While we are raising standards and demanding accountability for everybody, we, at the same time, are saying that we're going to provide you with the resources and the support for you to hit those higher standards and to be accountable.
On the other hand, you cannot continue to reward non-performance. You've got to give children the option to move to other schools, to other venues, and you have got to let schools know that there's going to be a consequence for failure.
GEORGE W. BUSH, PRESIDENT-ELECT OF THE UNITED STATES: Right. Thank you. That's why you are where you are.
One of the things that we did interesting and that was very effective in Texas is that we encouraged the business community to become involved. I hope that really at the local level that you all continue to remain involved.
On the federal level, we only spend 7 percent of the money. It probably will require about 60 percent of the paperwork, by the way, and that's going to change.
Charles Miller from the great state of Texas really helped form coalitions necessary to not only encourage the state to develop strong accountability, but to hold the line. You see, some folks are going to say testing is too intrusive, other folks will say testing is racist and, by the way, what's racist is not testing. What's racist, really, in my judgment, is just to move kids through, because I understand who suffers when they can't read.

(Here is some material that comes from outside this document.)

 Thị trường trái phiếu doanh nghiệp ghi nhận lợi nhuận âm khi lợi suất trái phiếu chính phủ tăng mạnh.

Why don't you share with us how you put together -- the kind of the strategy and what you did, Charles.
CHARLES MILLER: Thank you, Mr. President-elect. It was your focus on education that allowed it and gave us the credibility to do that. We have an old saying in Texas, folks from Texas Rangers, one ride, one ranger.
BUSH: Was I the ride or the ranger?
MILLER: The business community encourages people like me and others of us, and we had a good number of people step up and help and support us, and we have broad business community support.

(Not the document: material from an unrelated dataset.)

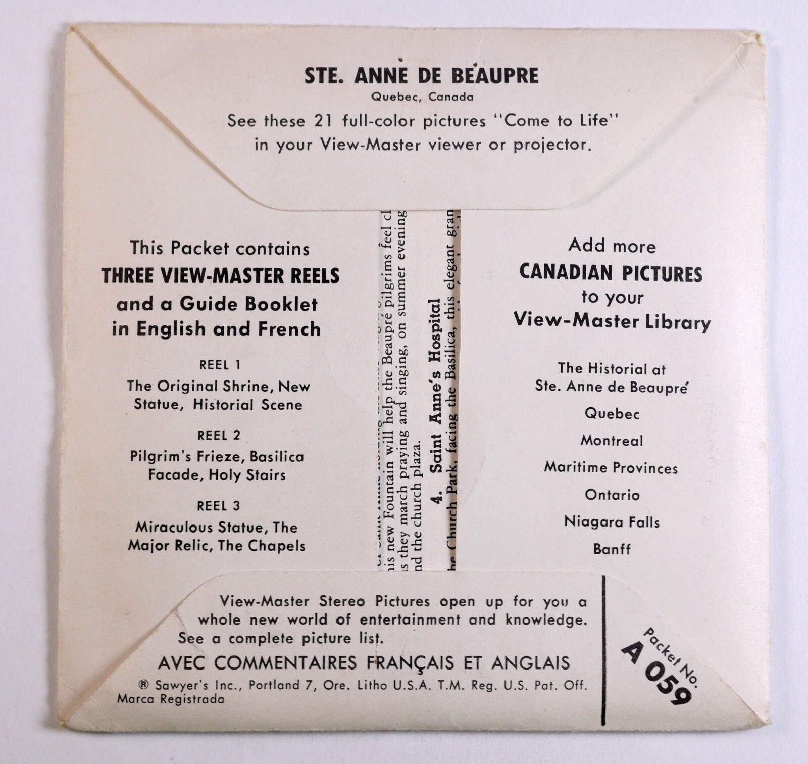 • View-Master Ste Anne De Beaupre Canada 3 reel packet/booklet A059

And because the governor said this is my number one priority and stayed with it throughout his time there, and repeatedly did that -- he used the bully pulpit -- we were able to get things going that might not otherwise have been able to do.

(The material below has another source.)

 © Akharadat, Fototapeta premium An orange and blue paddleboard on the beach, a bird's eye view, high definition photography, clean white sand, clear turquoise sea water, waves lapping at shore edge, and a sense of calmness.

And we were focused on it continuously, through the legislative session, at local elections, at the state level. And we were able to create a major reform to get quality to the local level. Accountability and choice was an example that we just discussed in Texas because we have that accountability system that measures results. Urban school districts allow maybe a quarter of their students to have a choice -- charter schools, or moving from one school to the other -- but the two are connected, because accountability allows people to make the move, but also to see what the results are when they make the move.
And that's the private sector helping with the public sector.
LIN: You are listening in on a public forum there that President-elect Bush is holding with business leaders, primarily, around the country on different ideas on how to reform public schools. And so far, the dialogue seems to be focusing on ideas about school choice, creating competition between public schools for the best students as well as creating more flexible plans in terms of when to hold students back and when to advance to the next grade depending on performance. They talk about that as being accountability, both by the student and the teacher for teaching them.